A Numerical Study of the Beijing Extreme Rainfall of 21 July 2012 and the Impact of Topography

State Key Laboratory of Severe Weather, Chinese Academy of Meteorological Sciences, Beijing 100081, China

Received 22 January 2015; Revised 4 May 2015; Accepted 4 May 2015

Academic Editor: S. Vicente-Serrano

Copyright © 2015 Hongxiong Xu and Wenqing Yao. This is an open access article distributed under the Creative Commons Attribution License, which permits unrestricted use, distribution, and reproduction in any medium, provided the original work is properly cited.

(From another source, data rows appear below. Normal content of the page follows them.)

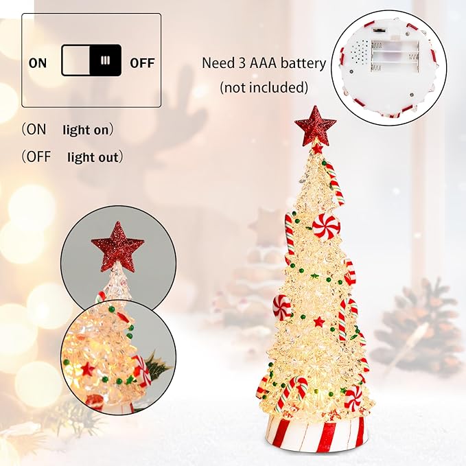 Small Christmas Tree Candy Tree 13 Inch Tabletop Christmas Tree Vintage Christmas Decoration Battery Operated Mini Transparent Christmas Acrylic Tree with LED Lights
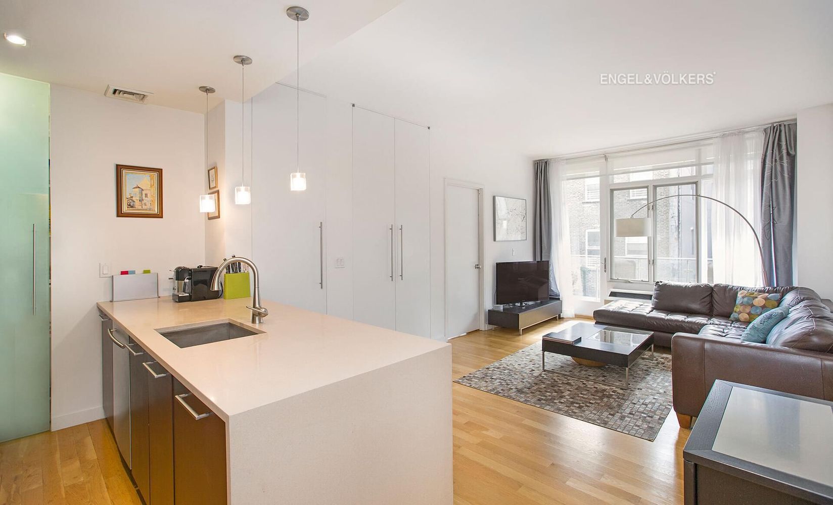 Spacious Living in a 2 bed/2 bath Condo Home with Terrace. High Ceiling/Southern Exposure. Open kitchen has quartz counters, Jean-Air stainless steel appliances and elegant wood cabinets. hardwood flooring throughout the home. The primary bedroom features an en suite bath with a deep soaking tub. In unit Washer/Dryer
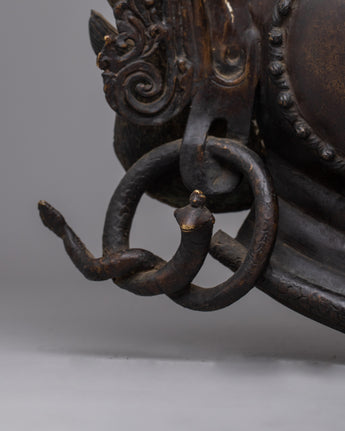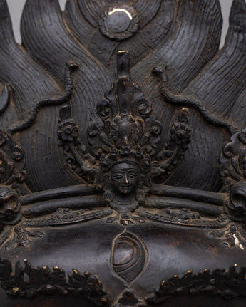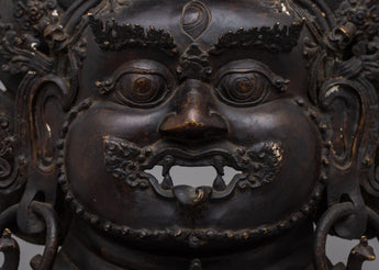 As a vicious incarnation of Lord Shiva, Bhairava stands for both safety and overcoming fear. The intricate engravings on the Brass Mask of Bhairava inspire wonder and veneration and showcase our artists' skill. This sculpture is painstakingly created to capture the nuanced characteristics and facial expressions that represent the heavenly presence of Bhairava.
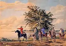 - ↑ "Huron Indians leaving their Residence near Amherstburg", painting by William Bent Berczy, appearing on lower half of page 60, Aboriginal Ontario: Historical Perspectives on the First Nations edited by Edward S. Rogers, Donald B. Smith, publ. 1994.
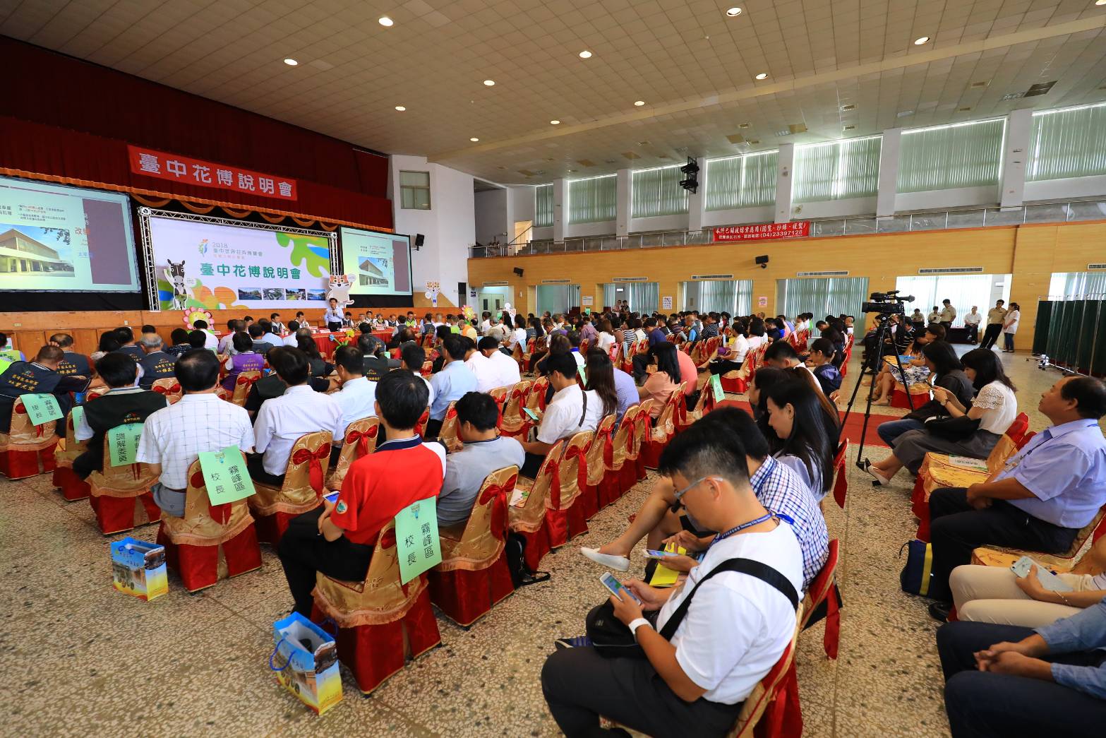 2018世界花博明年將在台中后里、外埔、豐原盛大展開,今年市政說明會特別結合花博一起舉辦,吸引霧峰、大里、太平區在地居民到場聆聽。市府新聞局現場播放花博宣傳動畫影片,透過超可愛的動畫設計,由石虎家族說明「花現GNP」(Green綠色、Nature自然、People人文)等花博主題緣由,趣味十足。

The extreme rainfall on 21 July 2012 is the heaviest rainfall that has occurred in Beijing since 1961. Observations and WRF (Weather Research and Forecasting) model are used to study the effect of MCS (mesoscale convective system) and topography on the rainfall. In this high-impact event, a quasi-stationary MCS developed in a favorable moist environment. The numerical simulation successfully reproduced the amount, location, and time evolution of the rainfall despite 4–6 h delay. In particular, the model reproduced the repeat passage of convective cells at the leading convergence line region along Taihang Mountains and the trailing stratiform region, producing the rainfall at nearly the right position. Results indicate the important roles of mesolow and low-level jet in maintaining the conditional instability that lifted the moist air to trigger deep convection and the repeated initiation and movement of the line shaped convective cells that produced the rainfall. The sensitive experiment was then further carried out to examine the effect of topography on this heavy rainfall. The reduction in model elevation field significantly influenced the above mesoscale systems, which lead to convective cells becoming less organized, and the peak rainfall amount in Beijing decreased by roughly 50%.